Добавить в цитаты Настройки чтения

Страница 14 из 84

Он снова сел рядом с Титаренко, снова положил руку на его колено, словно проверяя крепость.

— Все сгодится сейчас, дорогой друг. Самые крайние меры, свинец и огонь, им — место! И ваша Старобельщина не последнее звено в цепи.

«Еще бы, — подумал Титаренко, — у нас золотые кадры для активного дела. Годами туда ссылала Советская власть бывших петлюровцев, бывших офицеров царской армии, бывших махновцев».

Было слышно, как в кабинете раздаются телефонные звонки. Заурчал зуммер.

— Пробачте, — извинился Рашкевич и вышел в кабинет.

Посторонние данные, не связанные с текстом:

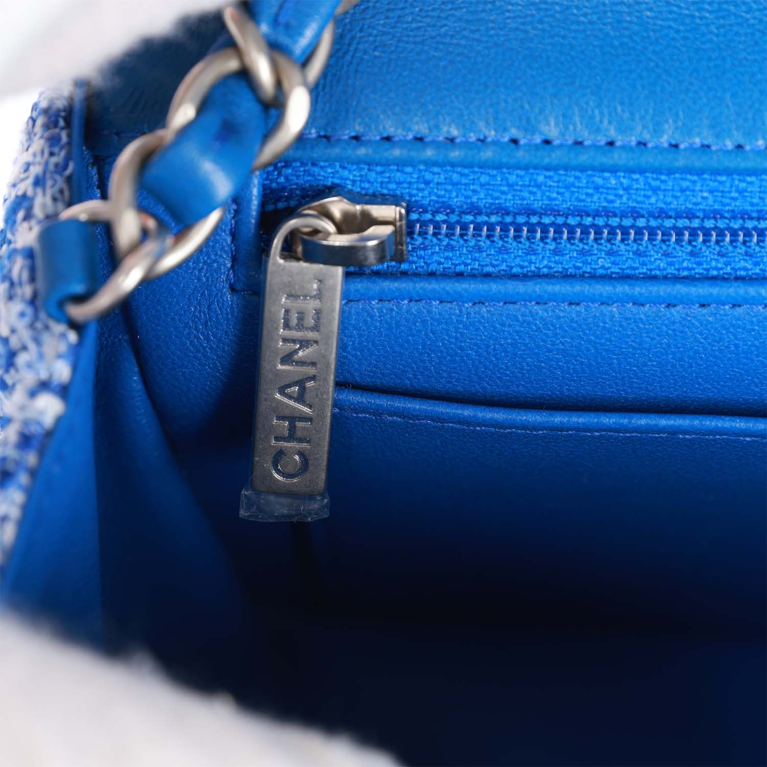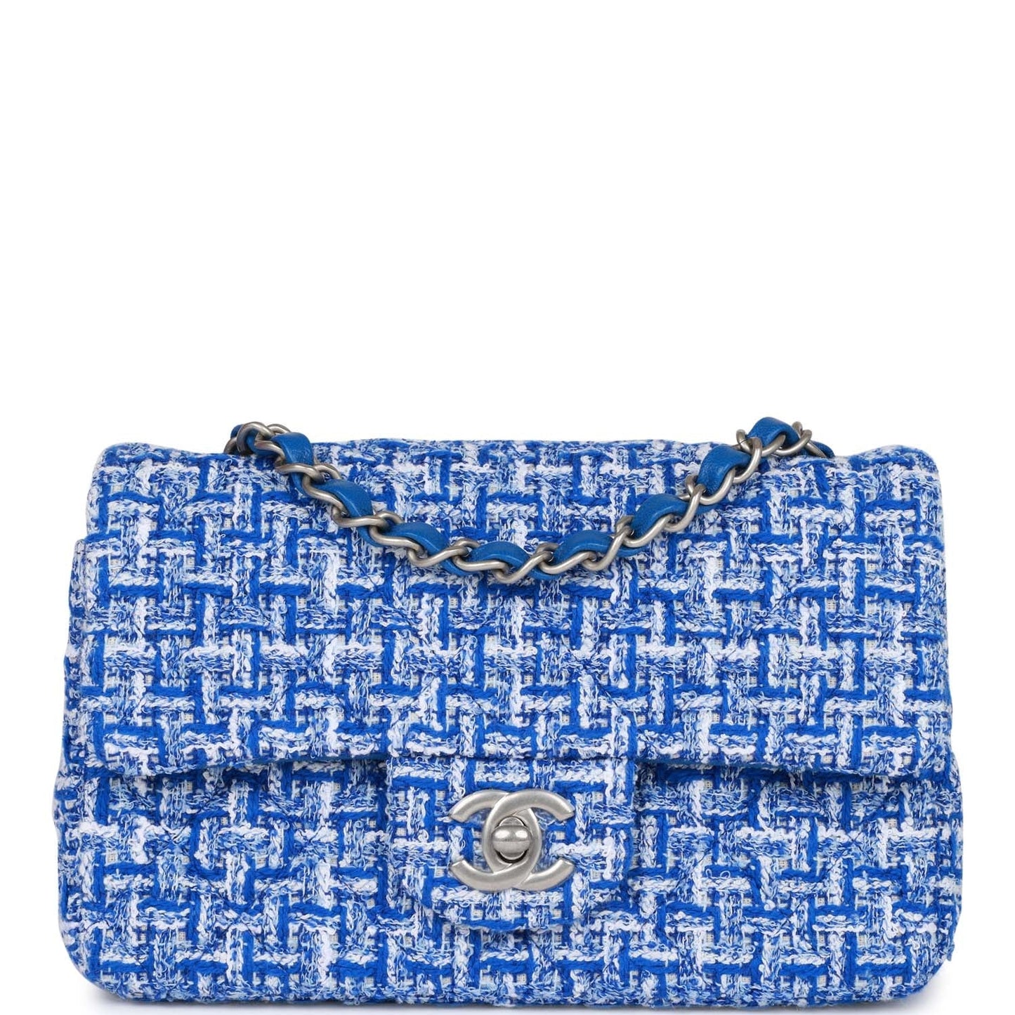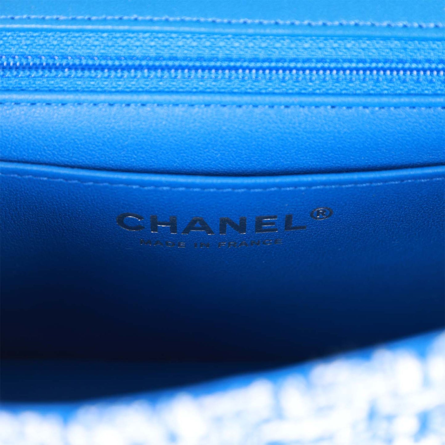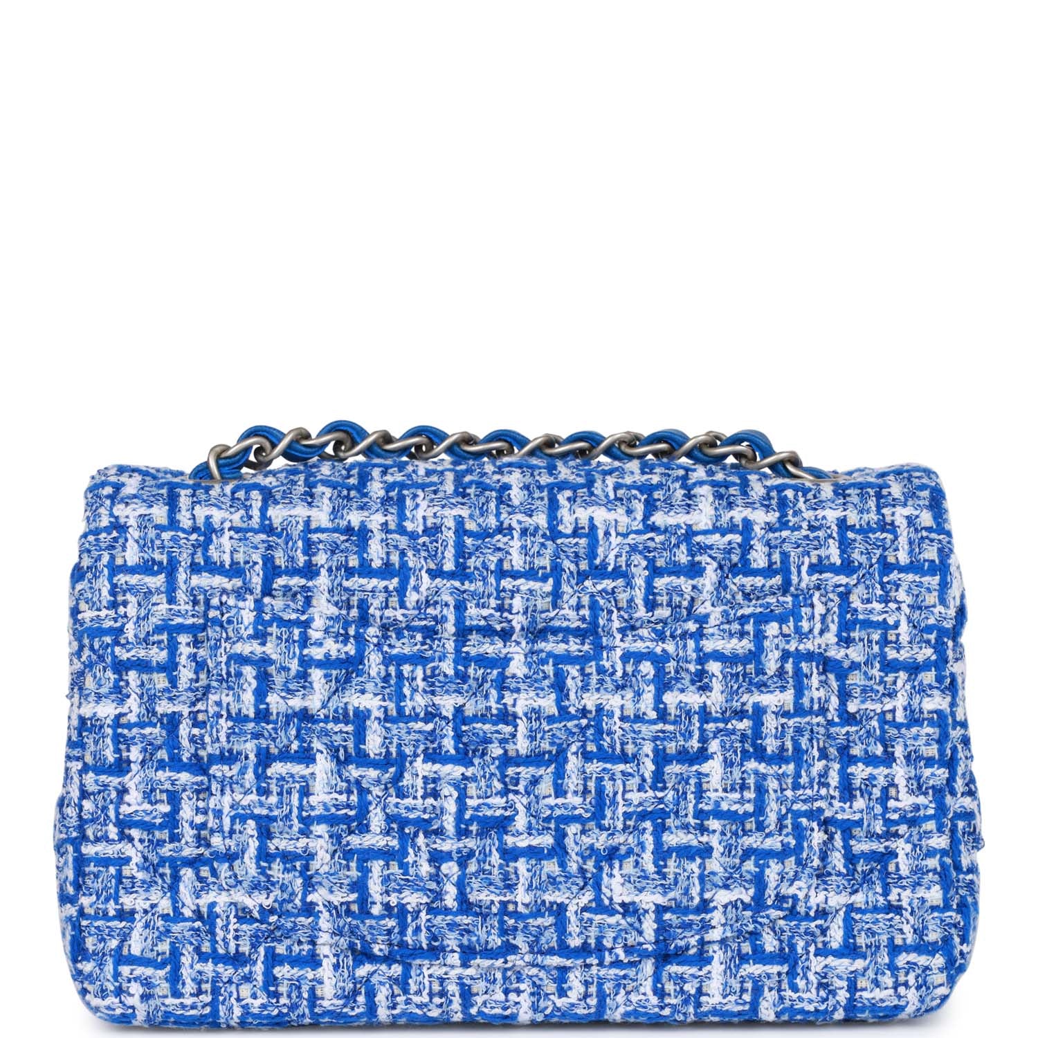 Chanel Mini Rectangular Flap Bag Blue Tweed Aged Silver Hardware

Тарас Иванович услышал, как он своим хорошо поставленным голосом, с самыми почтительными интонациями здоровался с кем-то. Потом после минуты молчания, тоном, полным глубокого понимания, произнес:

— Инструкция о всемерном содействии уполномоченным по коллективизации на местах нами уже разослана. С нашей стороны все будет обеспечено.

Еще одна пауза, и опять тем же тоном, как бы в упоении мыслью собеседника:

— Очень, очень понимаю, товарищ нарком, глубоко понимаю и буду проводить в жизнь. Есть, есть, благодарю вас.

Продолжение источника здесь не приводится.